◆ Given records:
=== Begin Enclosure ===

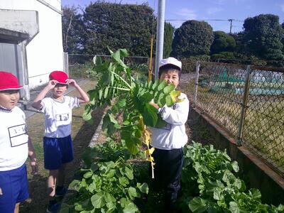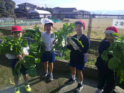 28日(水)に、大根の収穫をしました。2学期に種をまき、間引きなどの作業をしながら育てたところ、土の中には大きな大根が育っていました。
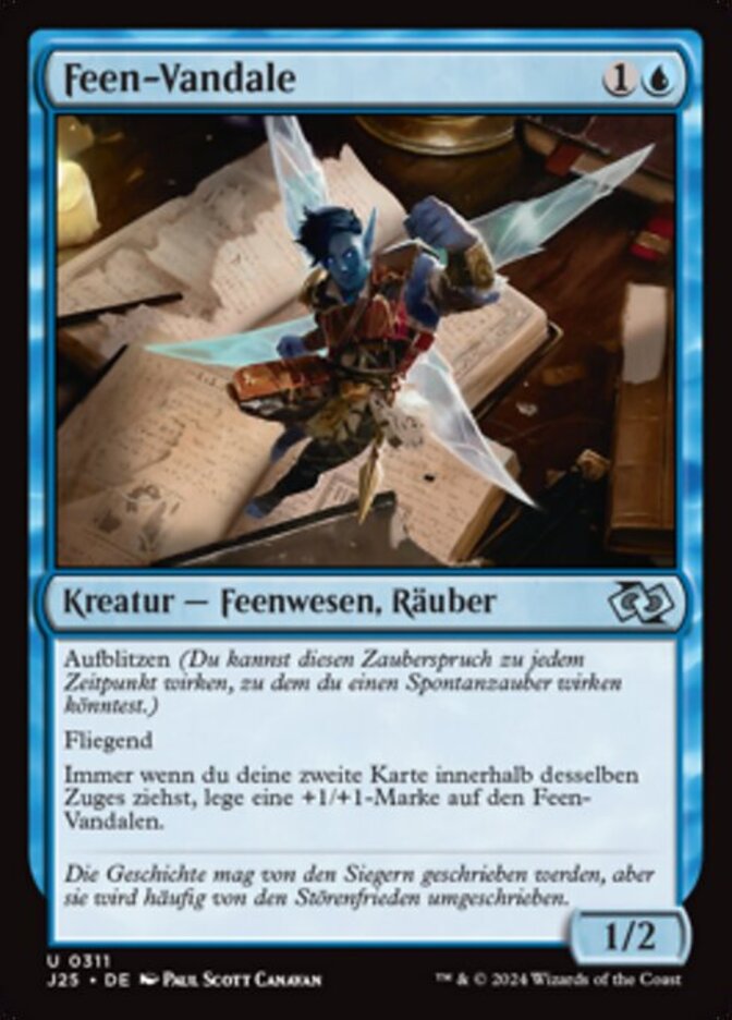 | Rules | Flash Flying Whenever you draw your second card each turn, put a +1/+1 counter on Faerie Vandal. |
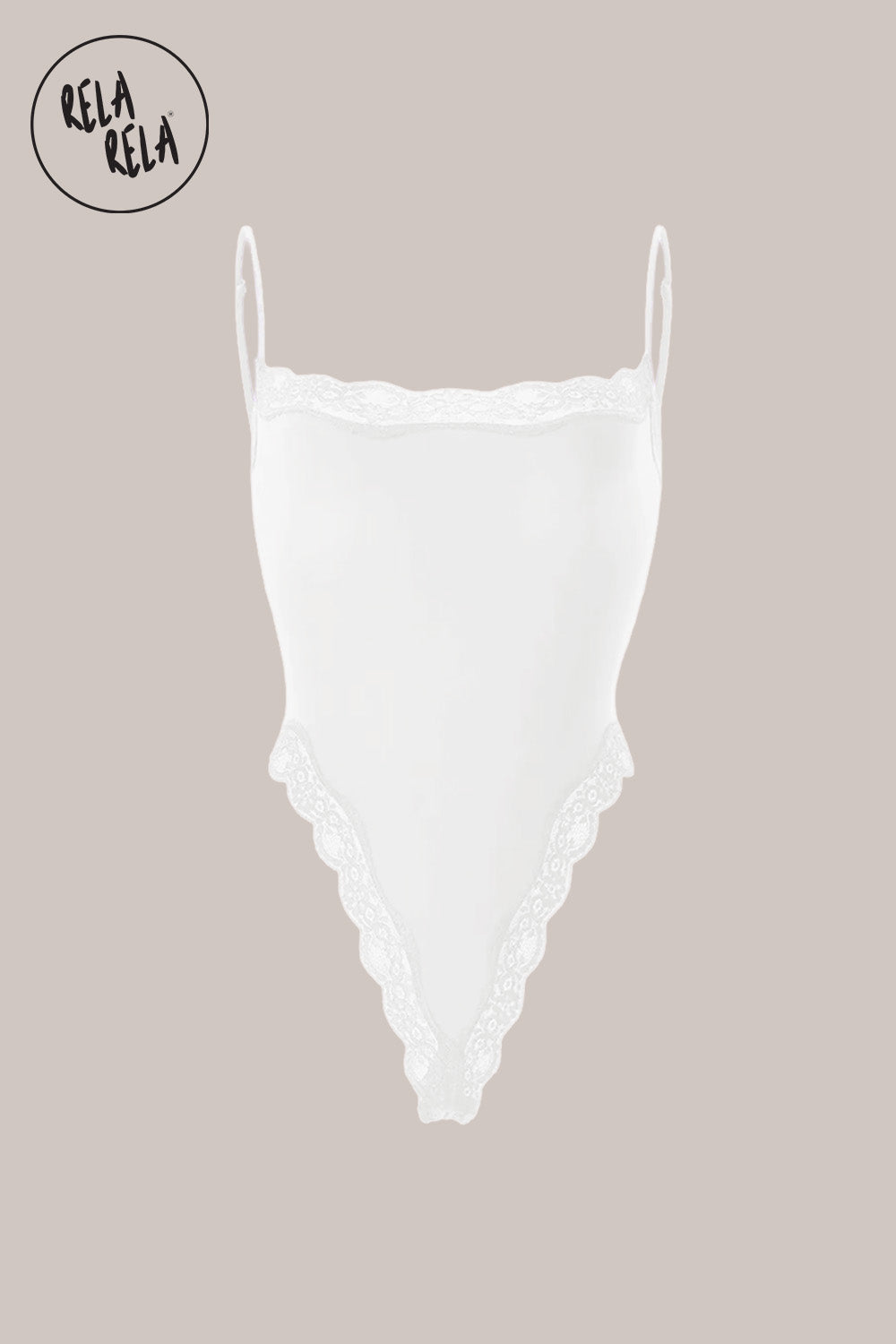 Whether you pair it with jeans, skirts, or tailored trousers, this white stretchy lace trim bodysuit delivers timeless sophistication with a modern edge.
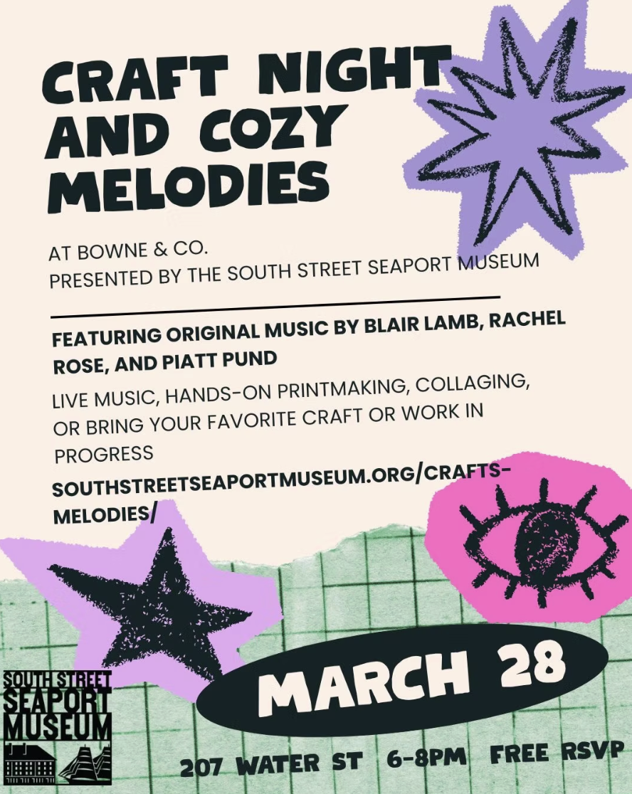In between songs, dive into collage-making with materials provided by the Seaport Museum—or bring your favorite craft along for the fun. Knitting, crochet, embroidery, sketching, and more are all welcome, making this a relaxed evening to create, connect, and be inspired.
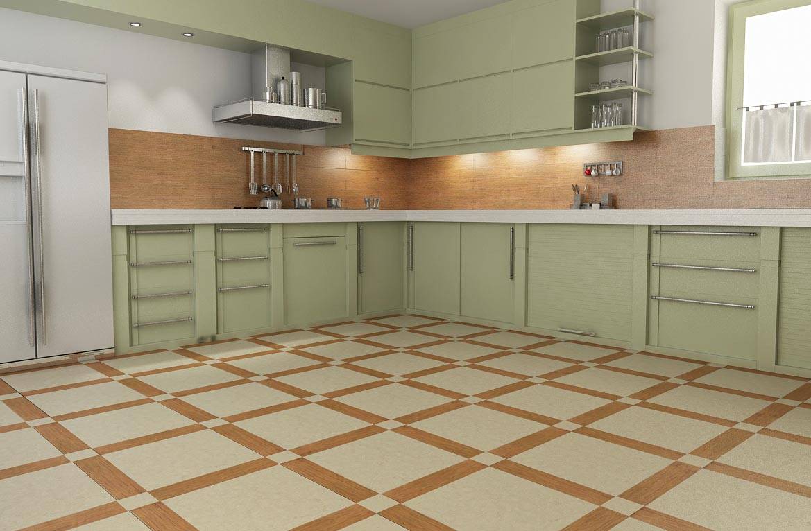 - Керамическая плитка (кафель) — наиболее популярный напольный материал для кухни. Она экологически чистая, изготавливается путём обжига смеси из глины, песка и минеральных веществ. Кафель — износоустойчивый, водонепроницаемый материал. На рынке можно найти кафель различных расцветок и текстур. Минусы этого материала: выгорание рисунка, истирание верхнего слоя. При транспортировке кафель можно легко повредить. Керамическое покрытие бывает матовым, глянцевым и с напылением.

=== End Enclosure ===
=== Begin Enclosure ===

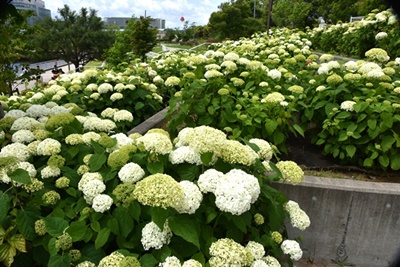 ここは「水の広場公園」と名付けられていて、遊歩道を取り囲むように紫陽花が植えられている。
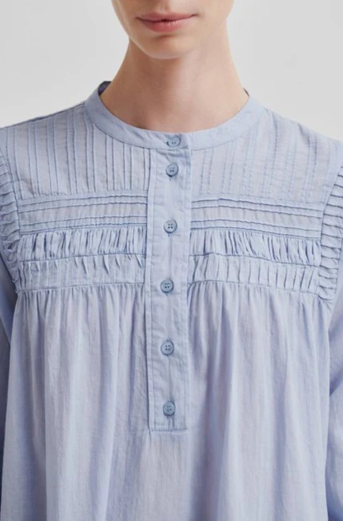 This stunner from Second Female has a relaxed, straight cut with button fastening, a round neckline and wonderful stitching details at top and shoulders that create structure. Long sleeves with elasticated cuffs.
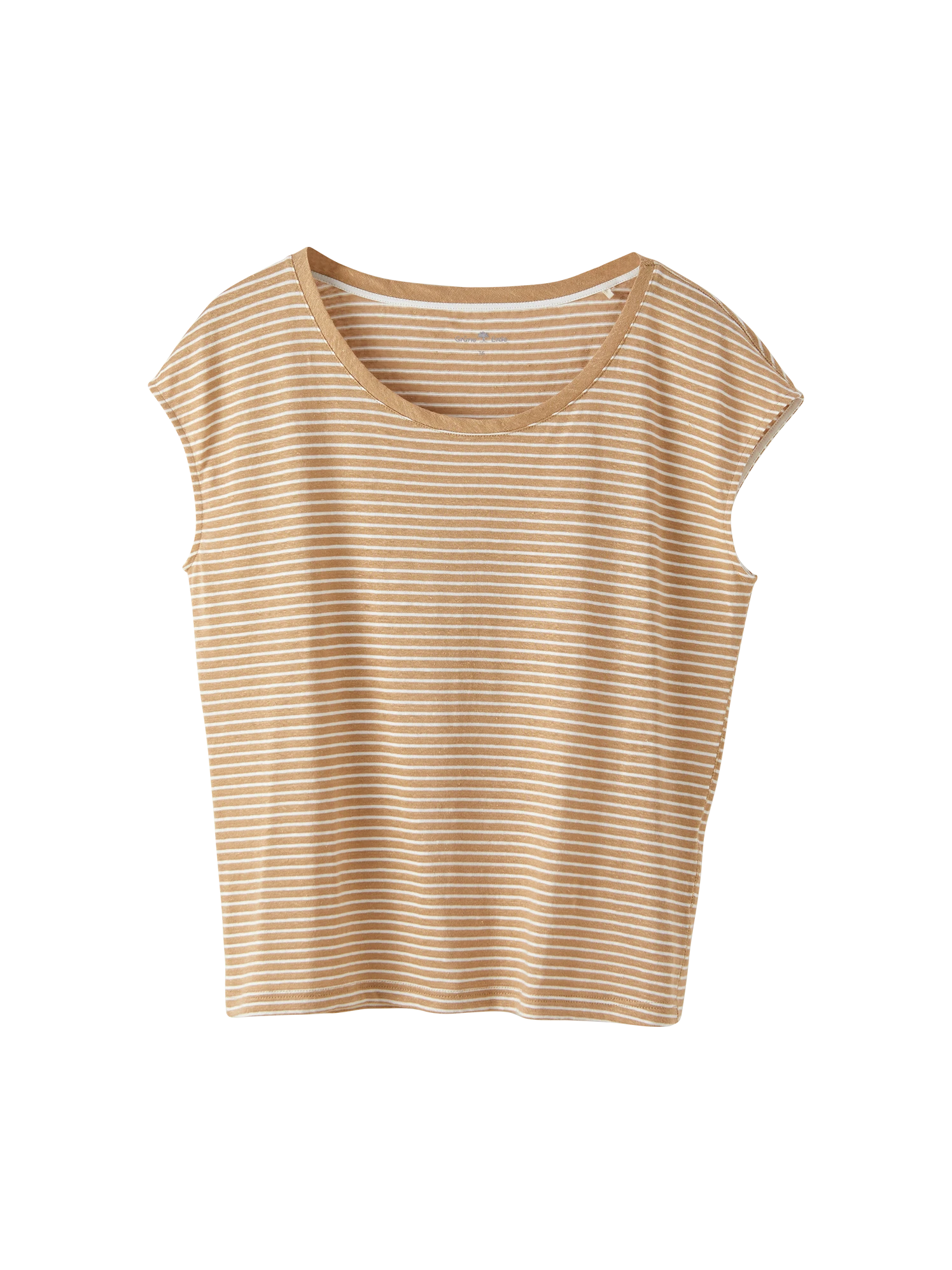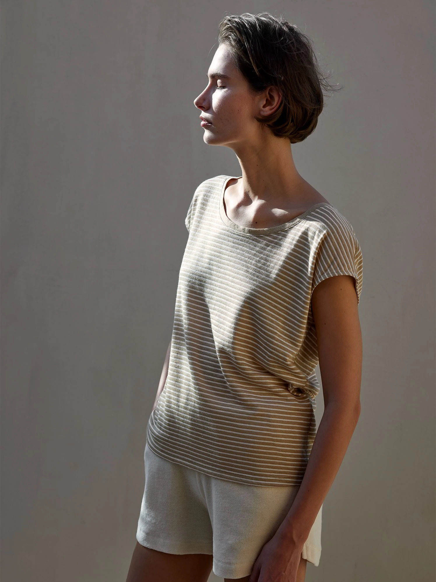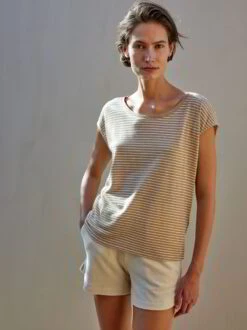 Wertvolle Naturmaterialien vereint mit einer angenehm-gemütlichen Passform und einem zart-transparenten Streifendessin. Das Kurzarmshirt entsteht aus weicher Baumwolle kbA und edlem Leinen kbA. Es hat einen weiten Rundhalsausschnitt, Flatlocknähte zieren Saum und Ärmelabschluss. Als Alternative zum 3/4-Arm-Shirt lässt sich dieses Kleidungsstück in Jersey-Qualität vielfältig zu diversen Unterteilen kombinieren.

=== End Enclosure ===
=== Begin Enclosure ===

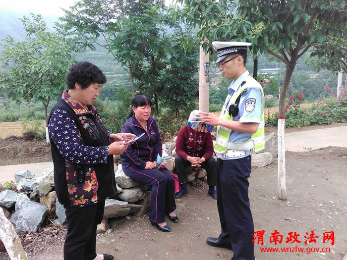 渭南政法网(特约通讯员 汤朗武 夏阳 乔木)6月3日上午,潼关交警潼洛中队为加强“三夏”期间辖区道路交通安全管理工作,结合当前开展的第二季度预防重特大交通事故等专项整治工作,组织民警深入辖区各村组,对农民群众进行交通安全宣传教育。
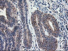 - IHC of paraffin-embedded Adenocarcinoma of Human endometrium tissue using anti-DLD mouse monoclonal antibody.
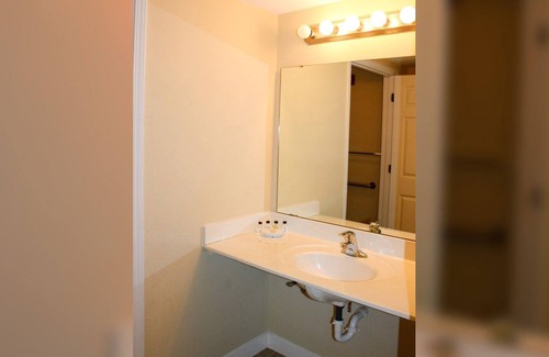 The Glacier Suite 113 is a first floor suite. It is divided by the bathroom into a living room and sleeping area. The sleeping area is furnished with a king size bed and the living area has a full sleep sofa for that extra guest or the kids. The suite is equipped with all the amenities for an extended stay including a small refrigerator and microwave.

=== End Enclosure ===

◆ Exercise directions: In the data above, start at the line holding "28日(水)に、大根の収穫を" and stop after the line holding "In between songs, dive"; write out those lines exactly, without pictures.

◆ Your solution:
 28日(水)に、大根の収穫をしました。2学期に種をまき、間引きなどの作業をしながら育てたところ、土の中には大きな大根が育っていました。
 | Rules | Flash Flying Whenever you draw your second card each turn, put a +1/+1 counter on Faerie Vandal. |
 Whether you pair it with jeans, skirts, or tailored trousers, this white stretchy lace trim bodysuit delivers timeless sophistication with a modern edge.
In between songs, dive into collage-making with materials provided by the Seaport Museum—or bring your favorite craft along for the fun. Knitting, crochet, embroidery, sketching, and more are all welcome, making this a relaxed evening to create, connect, and be inspired.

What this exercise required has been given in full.